Re: Allow replication roles to use file access functions - Mailing list pgsql-hackers

From Stephen Frost
Subject Re: Allow replication roles to use file access functions
Date
Msg-id 20150903022036.GA3685@tamriel.snowman.net
Whole thread Raw
In response to Re: Allow replication roles to use file access functions  (Michael Paquier <michael.paquier@gmail.com>)
Responses Re: Allow replication roles to use file access functions  (Michael Paquier <michael.paquier@gmail.com>)
List pgsql-hackers
* Michael Paquier (michael.paquier@gmail.com) wrote:
> On Thu, Sep 3, 2015 at 10:05 AM, Stephen Frost wrote:
> > * Michael Paquier (michael.paquier@gmail.com) wrote:
> >> On Thu, Sep 3, 2015 at 4:52 AM, Alvaro Herrera wrote:
> > The replication role already has read-only access to everything
> > (nearly?) in the PGDATA directory.  The specific issue in this case, I
> > believe, is if the functions mentioned provide access beyond what the
> > replication role already has access to.
>
> It seems to me that this difference of files is symbolized by what is
> filtered out in a base backup, like postmaster.opts or postmaster.pid.

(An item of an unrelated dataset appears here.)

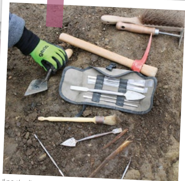
Il ne s'agit pas d'une trousse chirurgicale, ni des pinces et palettes d'un artiste peintre... C'est tout l'attirail que possède chacun des archéologues présents sur le chantier de fouilles de la place de l'Église.

Neither of those strike me as particularly sensitive information..

> The matter here is: are we going to have in the future files that we
> do not want to include in a base backup that are superuser-only? Today
> I cannot recall we have any of that, we may have in the future though.

This also seems unliekly.

> >> I don't entirely understand why pg_rewind should be invoking any of these
> >> functions to begin with.  Isn't it working directly with the disk data,
> >> with both postmasters shut down?
> >
> > Certain information is needed from the new master to rewind the old
> > master.  What I would hope is that we'd provide a way for *just* that
> > information to be made available to the replication role rather than
> > completely general access through the functions mentioned.
>
> The rewound node does not only need the diffs of blocks from a source,
> but also some more information like clog. There are actually three
> different approaches to solve that:

Ok, so CLOG information is also required, but that's not a particularly
large issue and the replication role has access to those files already,
no?  It's just inconvenient to access them using the current protocol,
if that's all you're interested in.

> 1) Use a differential backup to me, or the possibility to fetch a set
> of data block diffs from a source node using an LSN and then re-apply
> them on the target node. The major disadvantage of this approach is
> actually performance: we would need to scan the source node
> completely, so that's slow. And pg_rewind is fast because it only
> scans the WAL records of the node to be rewound from the last
> checkpoint before WAL forked.

I don't follow this performance concern at all.  Why can't pg_rewind
look through the WAL and find what it needs, and then request exactly
that information?  Clearly, we would need to add to the existing
replication protocol, but I don't see any reason to not consider that a
perfectly reasonable approach for this.

> 2) Request data blocks from the source node using the replication
> protocol, that's what pg_read_binary_file actually does, we just don't
> have the logic on replication protocol side, though we could.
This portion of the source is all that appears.